====== DATA SHOWN ======
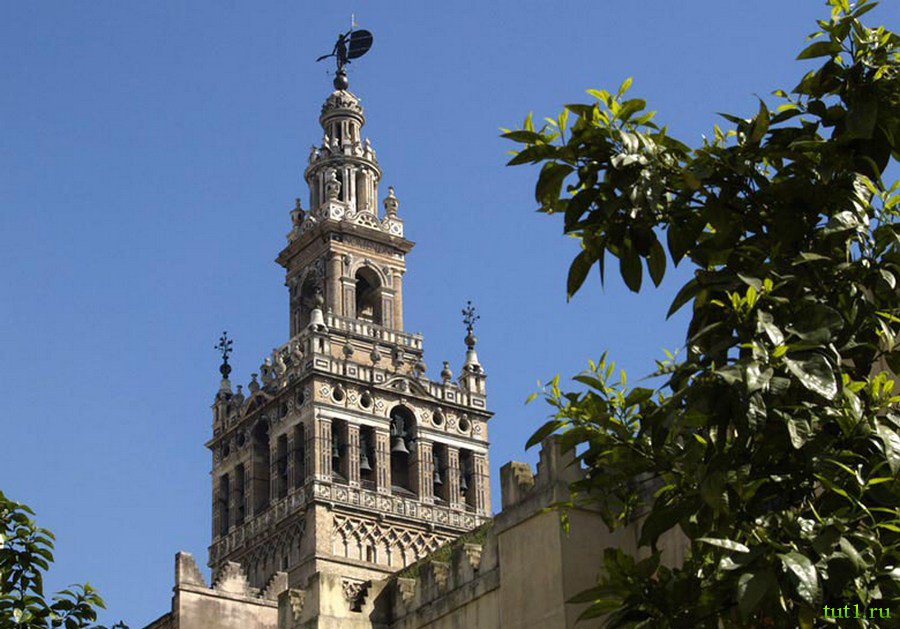 На территории собора располагается Хиральда ― одно из прекраснейших зданий Севильи. Колокольня, достигающая в высоту 114 метров, вмещает в себе 22 колокола. Больше всего потрясает конструкция внутренней башни ― она состоит из 35-ти пандусов, слегка наклоненных и достаточно широких чтобы по ним могли проехать два стражника на конях. Гармония первоначальной постройки была, в некоторой степени, нарушена пристройкой огромных балконов в стиле ренессанса и четырьмя реставрациями колокольни, пострадавшей от землетрясения в середине XVI века.
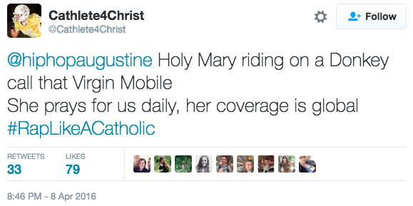 The Twitter username is a play on the full name often used to refer to the saint, Augustine of Hippo (he was the bishop of the North African city Hippo). “Hippo” is changed to “Hiphop” and the account mostly tweets short raps about Catholic theology. It currently has more than 17,000 followers.
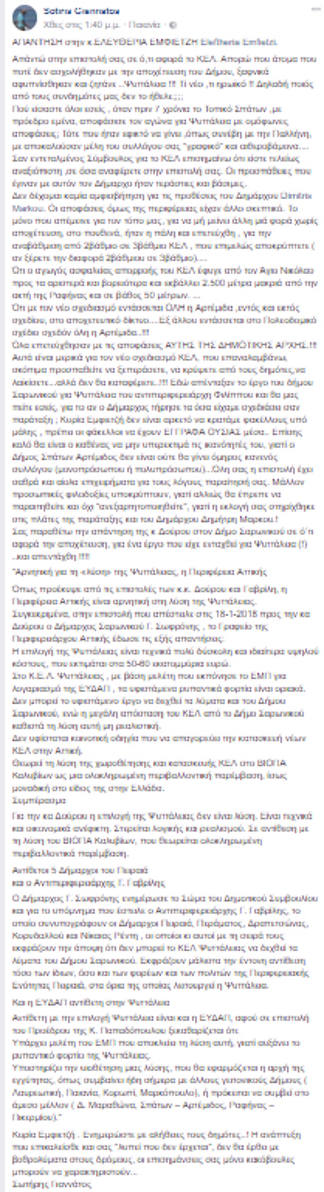 Συγκεκριμένα αυτό του Σαρωνικού το οποίο εξέδωσε ο εκεί δήμαρχος Γιώργος Σωφρόνης για να ενημερώσει τους πολίτες για τις αντιρρήσεις τόσο της Περιφέρειας όσο και της ΕΥΔΑΠ – σε συνδυασμό με τις αντιδράσεις του αντιπεριφερειάρχη και δημάρχων του Πειραιά - για το ενδεχόμενο μεταφοράς των λυμάτων των περιοχών του δήμου στο ΚΕΛ Ψυττάλειας.
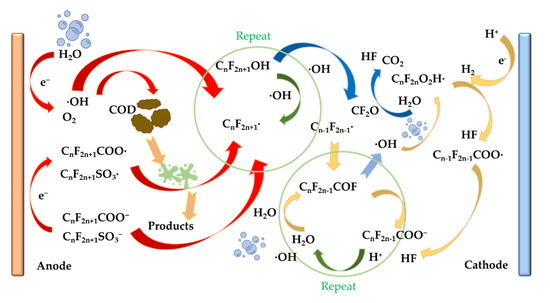 - Li, M.; Jin, Y.-T.; Cao, D.-Y.; Yang, L.-L.; Yan, J.-F.; Zhang, Z.-X.; Liu, Z.; Huang, L.-W.; Zhou, S.-Q.; Cheng, J.-L.; et al. Efficient decomposition of perfluorooctane sulfonate by electrochemical activation of peroxymonosulfate in aqueous solution: Efficacy, reaction mechanism, active sites, and application potential. Water Res. 2022, 221, 118778. [Google Scholar] [CrossRef] [PubMed]
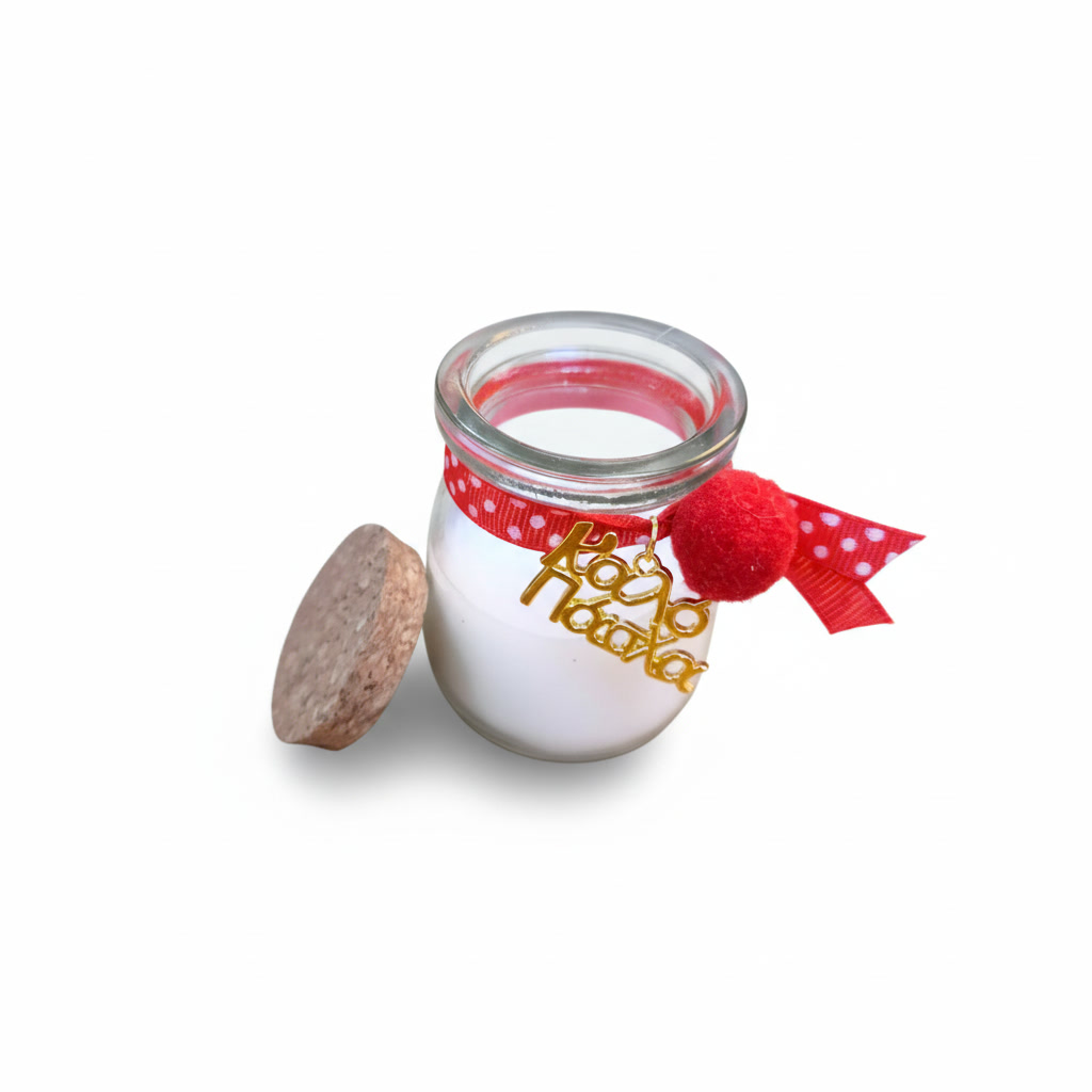 Επιτραπέζιο, γυάλινο βαζάκι με αρωματικό λευκό κερί.
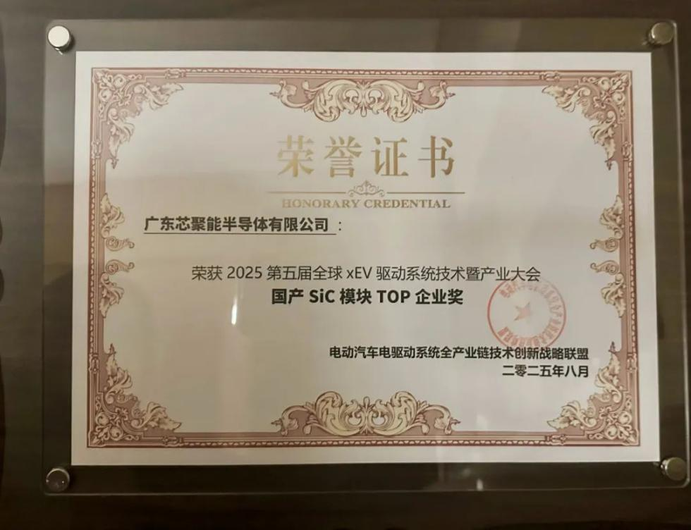 近日,芯聚能在“第五届中国优秀电驱动企业&优秀产品颁奖盛典”上荣获“国产SiC模块TOP企业奖”。芯聚能SiC模块契合新能源汽车主驱动对高功率密度与高可靠性的要求,性能指标达到行业领先水平,已获得多家知名车企的青睐与定点项目。公司自主研发和制造的SiC芯片也已成功应用于新能源汽车主驱,并获多个项目定点,即将实现大规模量产,将持续助推国产SiC芯片与模块市场渗透率的提升。
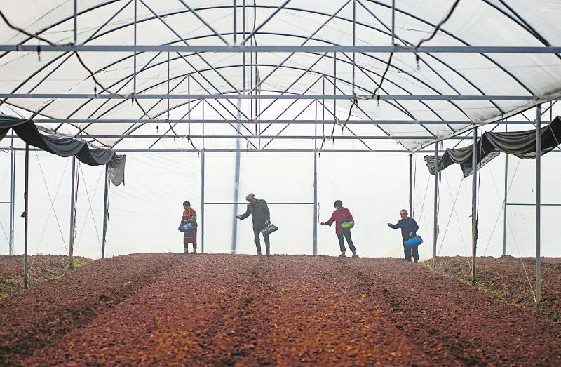 3月2日,在泸州市泸县潮河镇伏鱼村的泸县爽丰种养殖专业合作社育秧大棚中,村民正在进行水稻的旱育秧。
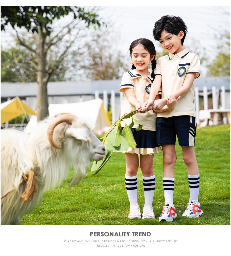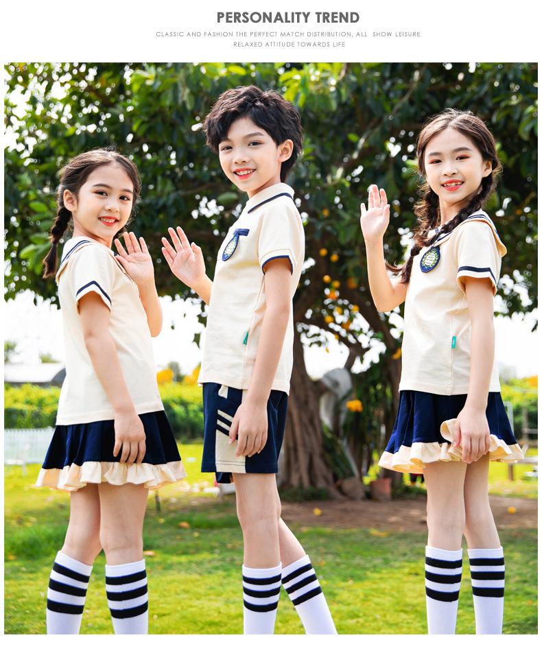 Uniforme Escolar de Manga Curta para Alunos do Ensino Fundamental Roupa de Verão para Jardim de Infância Roupa de Classe Infantil Roupa de Verão Estilo Colegial para Foto de Formatura
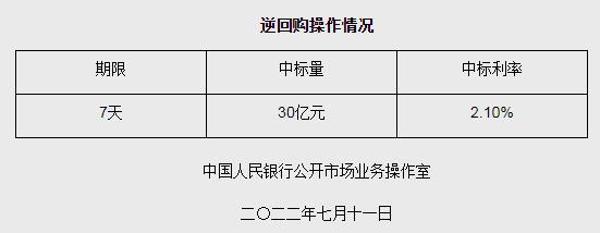 中新網(wǎng)7月11日電 據(jù)中國(guó)人民銀行網(wǎng)站消息,為維護(hù)銀行體系流動(dòng)性合理充裕,2022年7月11日人民銀行以利率招標(biāo)方式開展了30億元逆回購(gòu)操作,中標(biāo)利率2.10%。(中新財(cái)經(jīng))
======
— PROBLEM STATEMENT —
In the reply, give again exactly the lines from the beginning of the entries above through the line with "The Twitter username"; pictures stay out.

— COMPLETED EXERCISE —
 На территории собора располагается Хиральда ― одно из прекраснейших зданий Севильи. Колокольня, достигающая в высоту 114 метров, вмещает в себе 22 колокола. Больше всего потрясает конструкция внутренней башни ― она состоит из 35-ти пандусов, слегка наклоненных и достаточно широких чтобы по ним могли проехать два стражника на конях. Гармония первоначальной постройки была, в некоторой степени, нарушена пристройкой огромных балконов в стиле ренессанса и четырьмя реставрациями колокольни, пострадавшей от землетрясения в середине XVI века.
 The Twitter username is a play on the full name often used to refer to the saint, Augustine of Hippo (he was the bishop of the North African city Hippo). “Hippo” is changed to “Hiphop” and the account mostly tweets short raps about Catholic theology. It currently has more than 17,000 followers.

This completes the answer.